Snowden tricked NSA - and they don't know how he did it

24 Aug, 2013 17:48 / Updated 11 years ago

While collecting data Edward Snowden was able to evade all safeguards at the NSA, leaving the agency puzzled at how he did it, according to new report. Officials worry that the ease with which he covered his tracks means another breach could happen.

Information logs exist to tell the government who tried to view or copy classified information without the proper clearance, but Snowden appears to have bypassed or deleted them, while working as a system administrator with contractor Booz Allen Hamilton in Hawaii. The revelations come from government officials speaking to The Associated Press on condition of anonymity, as they were prevented from publicly disclosing new information about the Snowden case.

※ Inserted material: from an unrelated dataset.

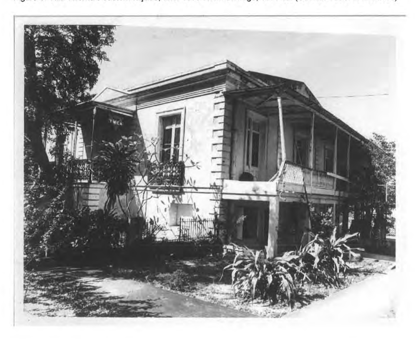
Figure 5. Villa Victoria's eastern façade, after 1979'storm damage; 1979 ca.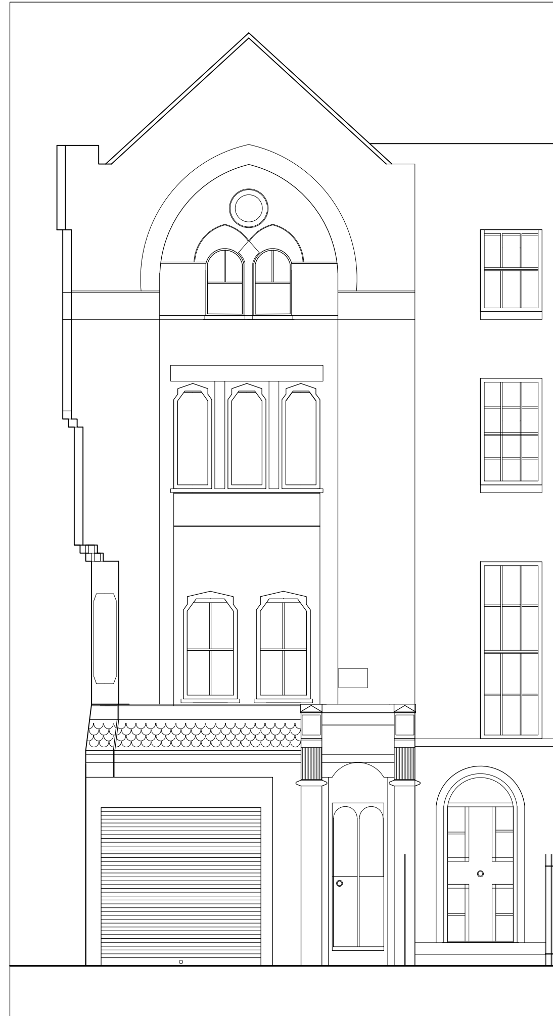
02 EXISTING ELEVATION B-B 1:50@A3

This is a worrying development for the Obama administration, which has been at pains to prove to the American public that the NSA’s computer system cannot be taken advantage of so easily. Therefore, if Snowden could single-handedly circumvent its cyber defenses, the question stands as to who else can gain instant access to the vast stream of data the clandestine organization intercepts every day.

NSA Director Keith Alexander could not tell the press in July what exactly Snowden might have had access to, downloaded or taken with him, citing an ongoing investigation. This was nearly two months after the leaks took place.

When Snowden had the job of system administrator, he possessed enough security privileges to access data remotely, browse it freely, as well as take it off its home servers and copy it onto portable drives. According to Alexander, this is how the information was leaked.

NSA spokeswoman Vanee Vines then told the AP that Alexander "had a sense of what documents and information had been taken," but "he did not say the comprehensive investigation had been completed." She did not say if Snowden was capable of viewing or downloading the documents without the organization’s knowledge.

A key reason behind Snowden’s success may have been that the data was not very clearly compartmentalized, meaning that specialists in one area could easily browse information they would never plausibly need, provided they had the right security clearance.

It is not even clear whether Snowden had to use any 'hacking' skills to collect that data, or if he simply misapplied the powers legally allocated to him.

Deputy Attorney General James Cole defended the government’s spying activities in Congress in July, saying that employees who have access to NSA’s programs are effectively monitored by the government.

"Everything that is done under [the program] is documented and reviewed before the decision is made and reviewed again after these decisions are made to make sure that nobody has done the things that you're concerned about happening."


One of his most crucial leaks was the truth about the US government’s use of a program that hoarded metadata of communications between American citizens and intercepted all incoming and outgoing internet traffic in the country, before redirecting it straight to the NSA servers.

Officials say that despite leaking information for months without getting caught, it may be possible that Snowden did not know how exactly the surveillance programs themselves functioned.

Snowden has since traversed the globe in pursuit of political asylum, and succeeded with Russia. Washington has been highly critical of Moscow’s actions and as a gesture of disapproval, even gone as far as cancel an unrelated meeting between President Barack Obama and Russian President Vladimir Putin in Moscow.

The NSA is now reportedly “overwhelmed” with trying to figure out what data and how much of it Snowden managed to steal, said NBC News on Thursday.

This news, together with the case of Bradley Manning, who between 2009 and 2010 leaked hundreds of thousands of highly classified documents, has forced the US government to consider the issue of internal threats to its national security. The 2013 Intelligence Authorization Act now includes a proposal by Congress to create an automated computer program for the detection of such insider threats.